Today’s Revising Comments To Myself And/Or The Manuscript
I’m doing these, in case anyone is curious, to make revising a little less tedious and boring. Today I will not be revising No More Lies, however. I will be revising a short story about a horribly unloved cat (Her people won’t let her on the counter and the dog kisses her! Can you imagine such a terrible life?!) that I’ll probably post in a few days. Yes, it’s silly.
“Oops.” (I used Undo one time too many and undid pasting the text into a new document.)
“The . . .”
“Zuh-rill-ee-uh.” (I suddenly couldn’t be sure the cat’s name was spelled in a way that made the pronunciation clear, so I had to say it slowly.)
“What the hell is going on now?!” (Okay, this one was more at the computer than the manuscript, but since it looked like my word processor might’ve suddenly locked up for no fucking reason, it counts.)
And that’s it for that story. That hardly took any work. This either means I wrote a pretty clean first draft — possible, it’s barely over 1000 words so there’s not much room to make mistakes — or I missed a lot of really obvious shit.
So, moving on to one of my favorite bits of No More Lies:
“Oh, I spelled that right!” (Associate. It looks wrong.)

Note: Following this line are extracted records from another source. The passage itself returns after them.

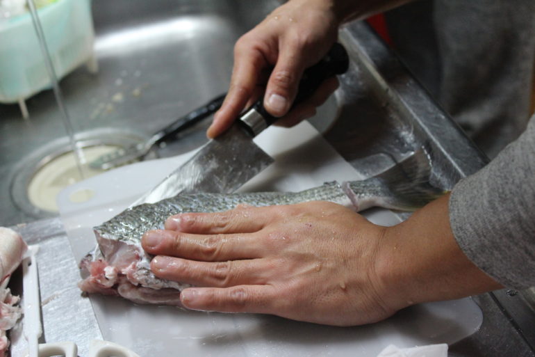 出刃を持ってきていなかった為、両刃で捌いて行く事に・・・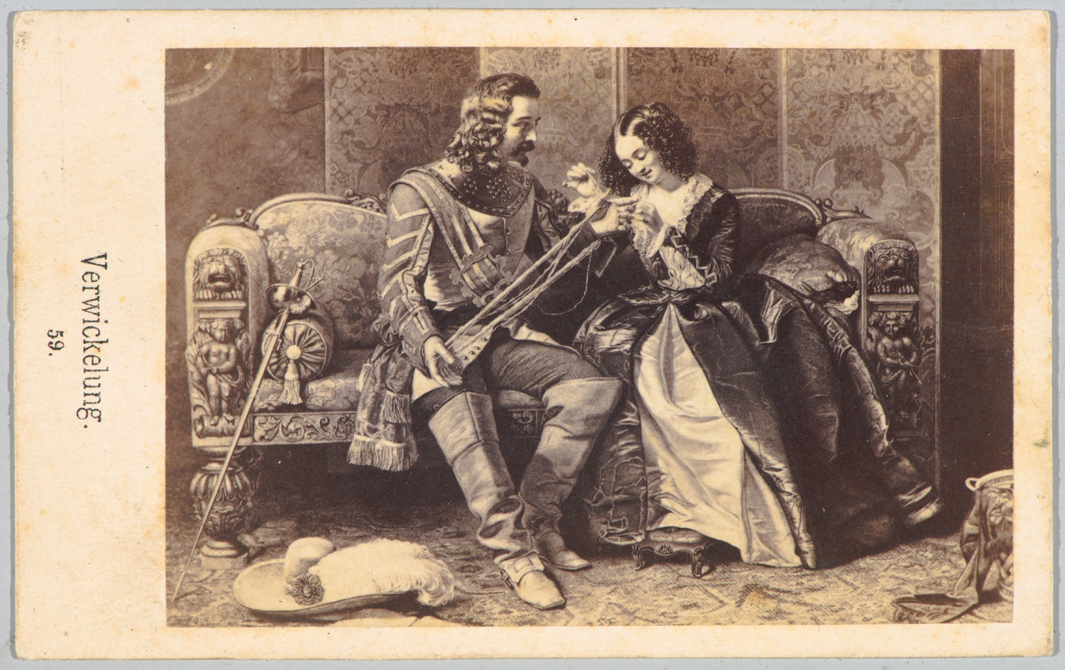 Nazwa: scena rodzajowa we wnętrzu, styliz. barokowa; reprodukcja fot. obrazu ol. (wg grafiki?), data: 2 poł. XIX w., miejsce: , typ obiektu: , wymiary9,5 x 6, opis: repr. fot. mal., młoda para we wnętrzu o styliz. barokowej; podpisy objaśn. druk.; na tekturce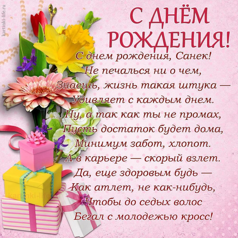 ← Предыдущая ГОЛОСОВЫЕСледующая → Выберите и нажмите! Другие варианты открыток с этим текстом Скачать Скачать Скачать Скачать Скачать Скачать Скачать Скачать Скачать Скачать Скачать Скачать Скачать Скачать Скачать СкачатьАлександр. Открытки С Днем рождения по именам. Поздравления. РЕКОМЕНДОВАНО К ПРОСМОТРУ Именная открытка с днем рождения АлександрОТКРЫТЬСКАЧАТЬ Короткое поздравление. Александр с днем рождения тебя. [Поздравления Александру с днем рождения, мужчине]ОТКРЫТЬСКАЧАТЬ Гиф Саша! С днем рождения!ОТКРЫТЬСКАЧАТЬ Зайка. Яркое поздравление Александра с Днем Рождения. [Поздравления Александру с днем рождения, мужчине]ОТКРЫТЬСКАЧАТЬ Именные открытки Александру с Днем рождения, мужчине. Пожелание в стихах, кот и собака.ОТКРЫТЬСКАЧАТЬ Именные открытки Александру с Днем рождения, мужчине. Все девушки с конкурсов красоты твои, Саня!ОТКРЫТЬСКАЧАТЬ Поздравление с днем рождения Саше. Открытки с именами. С Днем Рожденья Александр!ОТКРЫТЬСКАЧАТЬ Сашуля! С днем рождения! Гифка!ОТКРЫТЬСКАЧАТЬ Картинка с днем рождения для СашиОТКРЫТЬСКАЧАТЬ Прикольная открытка с днем рождения СаняОТКРЫТЬСКАЧАТЬ Открытки С Днем рождения по именам Открытки С Днем рождения по категориям Продолжить просмотр Поздравление с Днем рождения Александру в стихах мужчине. С днем рождения, Санек! Не печалься ни о чем, Знаешь, жизнь такая

Lots of sighing because my timeline in this bit is tying my brain in a knot.
“Ow, that sentence!”
“‘Around’, yeah.”
“‘Was’, ‘was‘, what the hell?!”
I laughed very hard at this bit, which is just . . . this is Bobby at the beginning of this story, in a nutshell:
I was trying to figure out what to do with a bra I’d just found in my couch. And wondering whose it was. I couldn’t remember the last time I’d had a woman over.
“Argh!”
“‘Staring to sound’ . . .?”
“I love Bobby.”
“Done?”
(Conversation with cat: “Would you not grab my lips while I’m talking?!” “Mrowwww!!” I think that means “Fuck you, I’ll grab what I want.”)
“Argh!”
“‘Her tone’, no.”
“‘Despite’ . . . yeah, ‘despite being a drug dealer.'”
“Yeah.”
No, I was wrong. This is early story Bobby in a nutshell. This is his girlfriend he’s talking to here:
“I’m not going to catch any rare, communicable, incurable diseases from your bathroom, right?” She sounded sincerely worried. That hurt some.
I decided to try to put her at ease by making her laugh. “None that you haven’t already caught from me,” I said with a smirk.
And now I’m at the end of a scene and tired of the cat grabbing my mouth every time I read a bit aloud to make sure it works, so I’m done for now.